(Isa. 49:13–16)
This poetic passage provides yet another reminder of Christ’s saving role, that of protective, redeeming parent to Zion’s children. He comforts his people and shows mercy when they are afflicted, as any loving father or mother would toward a child, but, as Nephi here reminds us through Isaiah, much more than any mortal father and mother could do. Although a mother may forget her sucking child (as unlikely as any parent might think that could be), Christ will not forget the children he has redeemed or the covenant he has made with them for salvation in Zion. The painful reminders of that watch care and covenant are the marks of the Roman nails graven upon the palms of his hands.
(Jeffrey R. Holland, Christ and the New Covenant [Salt Lake City: Deseret Book Co., 1997], 84.)
A young woman approached me in a city far from my home and came under some pressure from her husband. She admitted to me that she had committed adultery. She was a bit hard and unyielding, and finally said: “I know what I have done. I have read the scriptures, and I know the consequences. I know that I am damned and can never be forgiven, and therefore why should I try now to repent?”
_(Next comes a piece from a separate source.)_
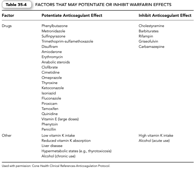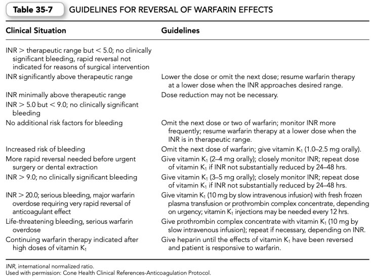 f. Reversal of warfarin effects may be necessary owing to an elevated INR or bleeding complications associated with oral anticoagulant therapy (Table 35-7).

My reply to her was: “My dear sister, you do not know the scriptures. You do not know the power of God nor his goodness. You can be forgiven for this heinous sin, but it will take much sincere repentance to accomplish it.”
Then I quoted to her the cry of her Lord:
Can a woman forget her sucking child, that she should not have compassion of the son of her womb? yea, they may forget, yet I will not forget thee (Isa. 49:15).
I reminded her of the Lord’s words in our own dispensation to the effect that whoever repents and obeys God’s commandments will be forgiven (D&C 1:32). My visitor looked bewildered but seemed to be yearning as though she wanted to believe it. I continued: “Eventually forgiveness will come for all but the unpardonable sins to that transgressor who repents sorely enough, long enough, sincerely enough.”…
She wanted so much to believe it. She said she had known all her life that adultery was unforgivable. And I turned again to the scriptures and read to her the oft-repeated statement of Jesus:
Wherefore I say unto you, All manner of sin and blasphemy shall be forgiven unto men: but the blasphemy against the Holy Ghost shall not be forgiven unto men … (Matt. 12:31–32).
She had forgotten that scripture. Her eyes lighted up. She reacted joyously to it, and asked, “Is that really true? Can I really be forgiven?” …
How great the joy to feel and know that God will forgive sinners! … This woman, who was basically good, straightened up and looked me in the eye, and in her voice was a new power and resoluteness as she said: “Thank you, thank you! I believe you. I shall really repent and wash my filthy garments in the blood of the Lamb and obtain that forgiveness.”
Not long ago, she returned to my office a new person—bright of eye, light of step, full of hope as she declared to me that, since that memorable day when hope had seen a star and had clung to it, she had never reverted to adultery nor any approaches to it.
(Spencer W. Kimball, The Miracle of Forgiveness [Salt Lake City: Bookcraft, 1969] 340–42.)